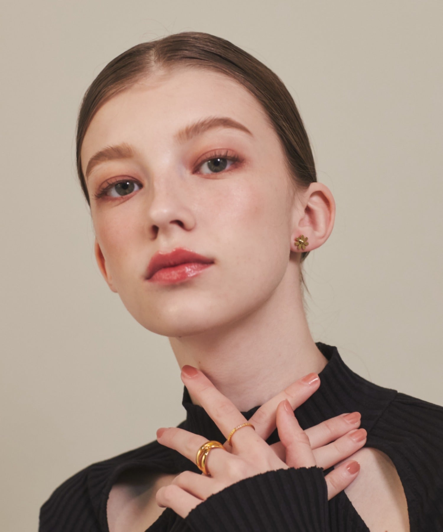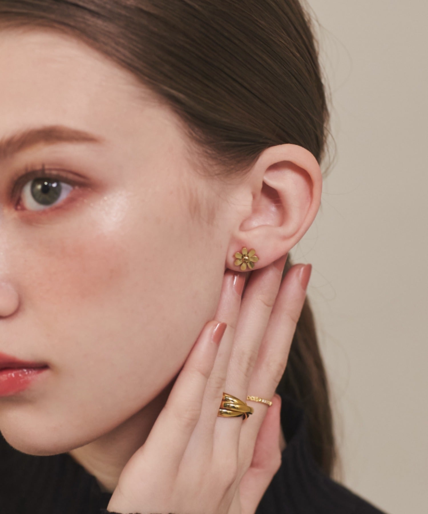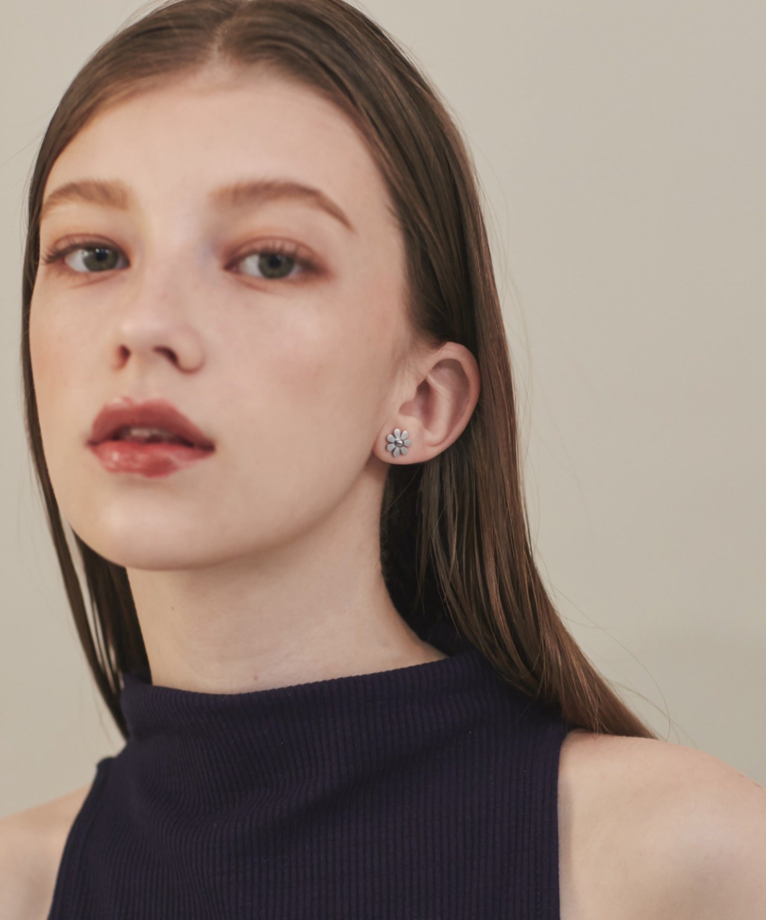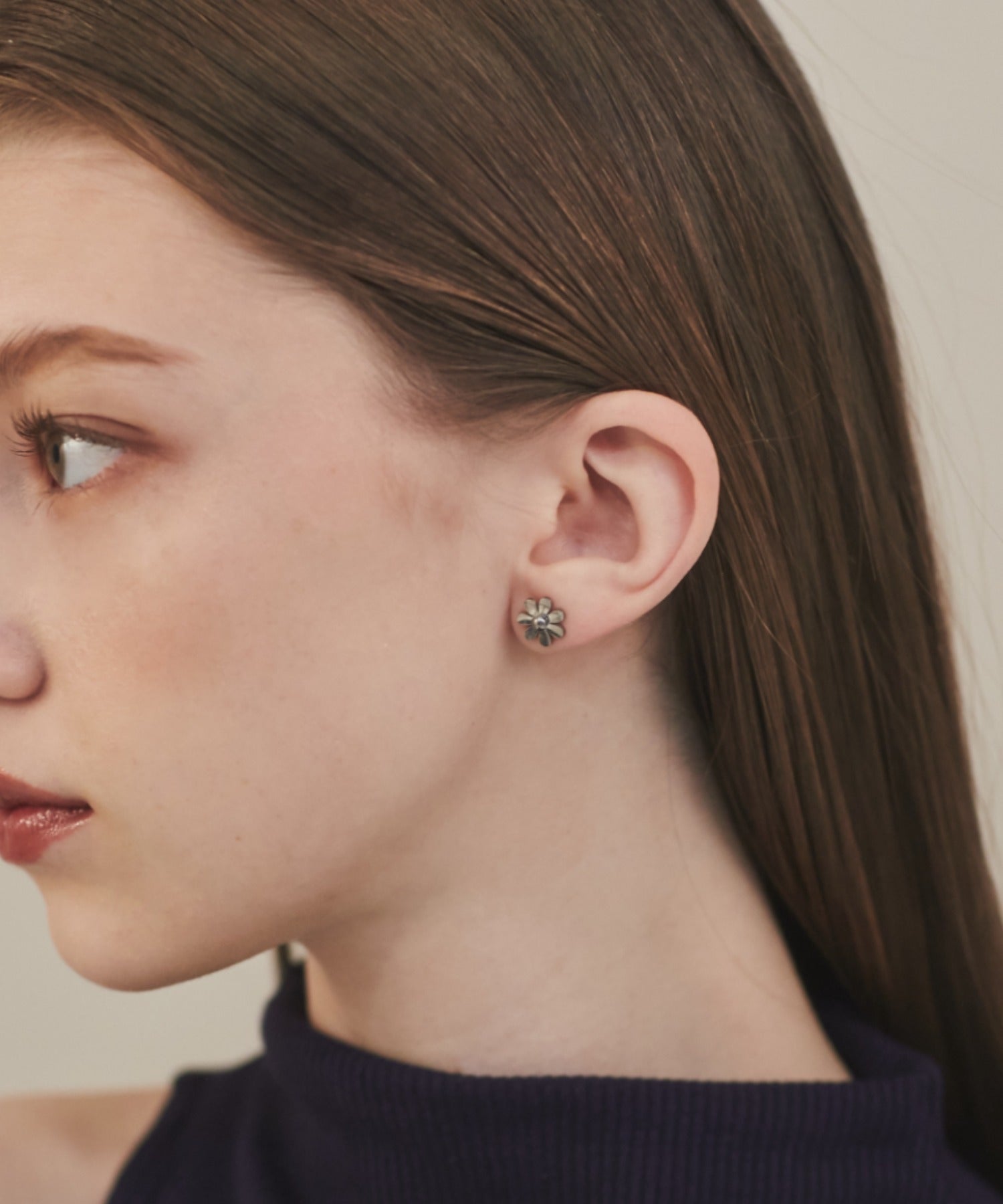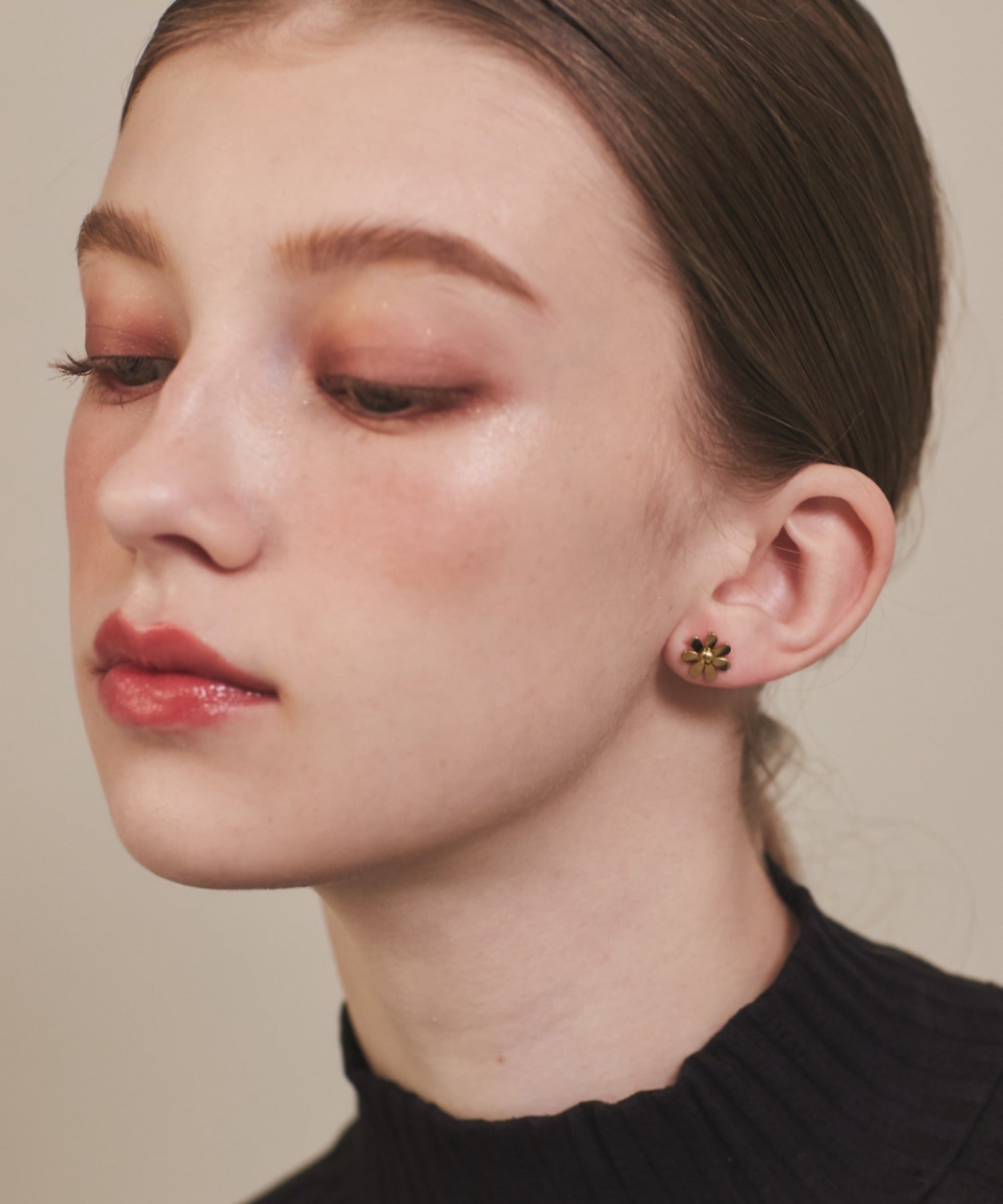 シンプルながらも付けたときのバランスにこだわったフラワーモチーフピアス。
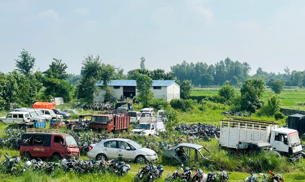 भन्सार कार्यालयको पार्किङ क्षेत्रमा खुला आकाशमुनि वषौँदेखि राखिएका सवारीसाधनमाथि झारपात पलाएको छ ।
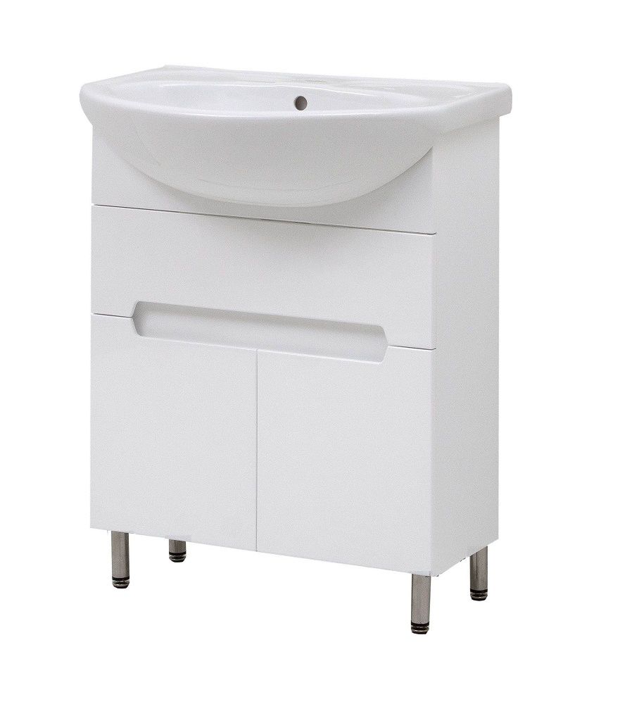 прямоугольная тумба с раковиной Cerutti Spa сделает ванную комнату уютной и поможет рационально организовать пространство. Корпус мебели изготовлен из ЛДСП — сертифицированного, безопасного материала. При габаритах 61 см.х45 см конструкция не выглядит массивной, но благодаря удобным полкам вмещает много вещей. Высота 87 см позволяет удобно доставать до раковины. Фасады тумбы выполнены из МДФ. Их (белый) и элегантная форма гармонично сочетаются между собой. За поверхностями легко ухаживать. Их рекомендуется протирать мягкой губкой или тканевой салфеткой с нейтральным моющим средством без абразивных частиц.

===============

**What needs to be done:**
Strip out the pictures and repeat the listing above exactly.

**Solution to this task:**
 シンプルながらも付けたときのバランスにこだわったフラワーモチーフピアス。
 भन्सार कार्यालयको पार्किङ क्षेत्रमा खुला आकाशमुनि वषौँदेखि राखिएका सवारीसाधनमाथि झारपात पलाएको छ ।
 прямоугольная тумба с раковиной Cerutti Spa сделает ванную комнату уютной и поможет рационально организовать пространство. Корпус мебели изготовлен из ЛДСП — сертифицированного, безопасного материала. При габаритах 61 см.х45 см конструкция не выглядит массивной, но благодаря удобным полкам вмещает много вещей. Высота 87 см позволяет удобно доставать до раковины. Фасады тумбы выполнены из МДФ. Их (белый) и элегантная форма гармонично сочетаются между собой. За поверхностями легко ухаживать. Их рекомендуется протирать мягкой губкой или тканевой салфеткой с нейтральным моющим средством без абразивных частиц.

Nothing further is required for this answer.